Line by line, retype the material exactly and leave each picture out.

───── DATA

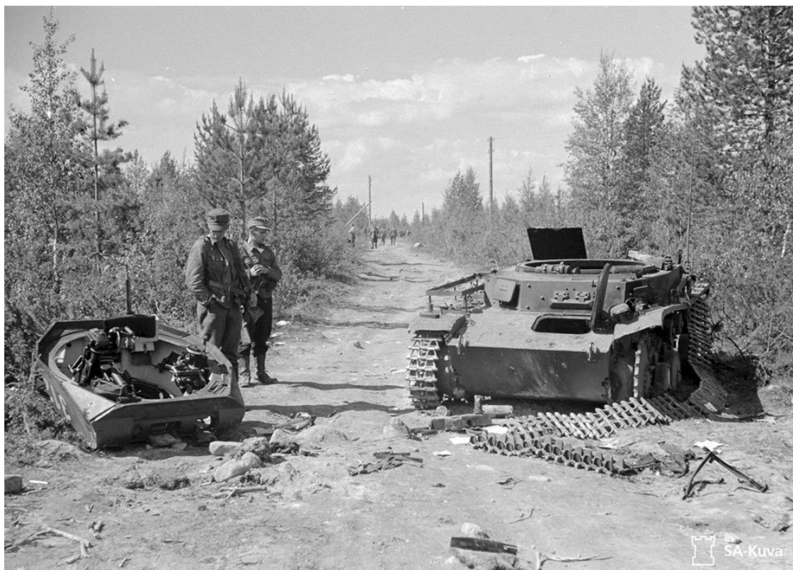
Уничтоженный танк Pz. III из 3-й роты 40-го отдельного танкового батальона.

211-й отдельный танковый батальон, являлся самым сильным немецким танковым подразделением на данном участке фронта – он имел 44 трофейных французских танка, модернизированных под стандарт «панцерваффе»: 12 танков Pz.Kpfw. S35 739 (f), бывшие Somua S-35, и 32 танка Pz.Kpfw. 38H 735 (f) бывшие Hotchkiss H 35/39. Для легких танков БТ-7 это был очень грозный противник, но слабые орудия не позволяли немецким танкистам эффективно бороться с советскими полевыми фортификационными сооружениями.
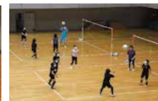
ソフトバレーボール
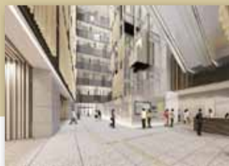
1階アトリウムのイメージ▶

──────────

SOLUTION TO THIS TASK
Уничтоженный танк Pz. III из 3-й роты 40-го отдельного танкового батальона.

211-й отдельный танковый батальон, являлся самым сильным немецким танковым подразделением на данном участке фронта – он имел 44 трофейных французских танка, модернизированных под стандарт «панцерваффе»: 12 танков Pz.Kpfw. S35 739 (f), бывшие Somua S-35, и 32 танка Pz.Kpfw. 38H 735 (f) бывшие Hotchkiss H 35/39. Для легких танков БТ-7 это был очень грозный противник, но слабые орудия не позволяли немецким танкистам эффективно бороться с советскими полевыми фортификационными сооружениями.
ソフトバレーボール
1階アトリウムのイメージ▶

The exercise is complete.